Beatles – Not Just For Breakfast Anymore 1 comment
Weird Venus fact #47 … I almost always make two cups of coffee in the morning. I really enjoy the first one. I rarely drink the second one. The next day, I toss out the cold remaining cup, silently scold myself, and proceed to do the exact same thing. What is that saying about insanity being the repetition of the same behaviour, always hoping for a different outcome?
Weird Venus fact #48 … I like to number things. I just don't always start with #1.

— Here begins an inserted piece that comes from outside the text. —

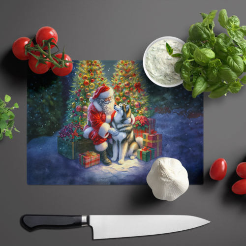 Glass Cutting Board featuring breed specific Alaskan Malamute artwork. Celebrate Christmas with this Christmas Cutting Board. Introduce your kitchen to the vibrant, large Decorative Glass Cutting Board from Caroline’s Treasures. Crafted from resilient tempered glass, this board is not only a utilitarian necessity but also a colorful art piece. With its generous dimensions of 15 inches in height and 12 inches in length, it offers ample space for all your cutting needs. Every piece showcases captivating artwork from distinguished artists, bringing an aesthetic edge to your kitchen. Beyond its attractive design, this cutting board ensures your countertop stays pristine and unscathed, owing to its heat-resistant properties. Engineered with user convenience in mind, it features non-skid feet for stability, and rounded corners for additional safety. Its robust construction renders it virtually unbreakable, guaranteeing longevity. The board comes with protective feet bumpers, maintaining its position during use. This product is recommended to be hand washed only. Proudly printed and assembled in the United States, this cutting board exemplifies superior craftsmanship. With Caroline’s Treasures’ Decorative Glass Cutting Board, you’re investing in a blend of functionality and artistic flair.

My life has a soundtrack, as some who know me well already know. I have a habit of bursting into song at inopportune moments. It can be quite disconcerting, I suppose. While on my way to work the other day, someone was on CBC-1 discussing "old" music and seemed to be focussing on the Beatles. Immediately one of my favourite Beatles songs ran through my head and then, of course, out my mouth. It is a rather obscure one, but I've always been fond of this catchy little tune. This song has a sort of unfinished quality to it … everybody sing …

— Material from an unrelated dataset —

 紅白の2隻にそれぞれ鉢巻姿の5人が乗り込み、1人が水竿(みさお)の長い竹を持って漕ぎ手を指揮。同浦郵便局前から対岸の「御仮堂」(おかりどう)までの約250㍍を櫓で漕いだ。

And stops my mind from wandering
Where it will go
Isn't this sort of contradictory? If I fix the hole, will my mind not also be stopped from wandering?

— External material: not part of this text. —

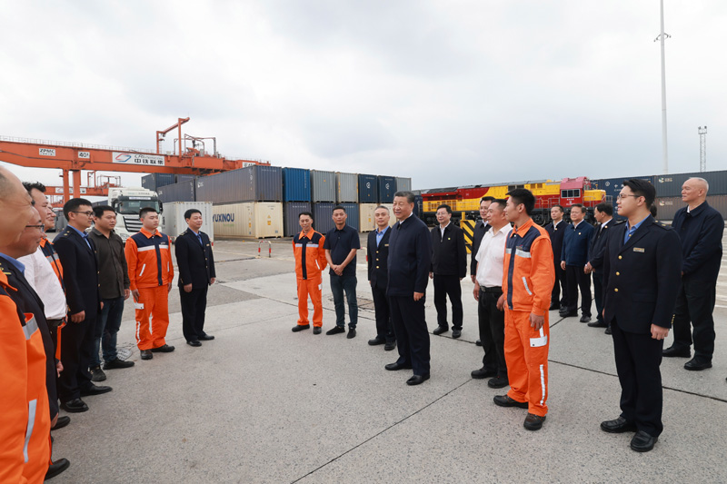 4月22日至24日,中共中央總書記、國家主席、中央軍委主席習近平在重慶考察。這是22日下午,習近平在重慶國際物流樞紐園區重慶鐵路集裝箱中心站,同貨車司機、列車司機、裝卸工人、場站管理人員等親切交流。新華社記者 王曄 攝

Same question, really. Filling the cracks will just keep my mind in again, won't it? Doesn't this defeat the purpose?
I'm right
Where I belong I'm right
Where I belong.
See the people standing there who disagree and never win
And wonder why they don't get in my door.
OK, so if I fix the cracks in my door, the disagreeing people can't see in anymore. But my mind has become trapped in an air-tight, R-2000 home. This can't be good.
And when my mind is wandering
There I will go.
My mind! It escaped! Maybe something to do with the colours …
I'm wrong I'm right
Where I belong I'm right
Where I belong.
Silly people run around they worry me
And never ask me why they don't get past my door.
Ah, yes … the silly people. The blue meanies. Fixing holes in submarines … very good idea indeed.
That weren't important yesterday
And I still go.
I'm fixing a hole where the rain gets in
And stops my mind from wandering
Where it will go.
The logic is a bit bizarre … maybe the song isn't so much "unfinished" as "unresolved", like the penultimate chord, just hanging there, wafting through the air. Still, it bounces and makes me smile and tap my foot. Maybe that is where the logic resides, in the bouncing, smiling and tapping.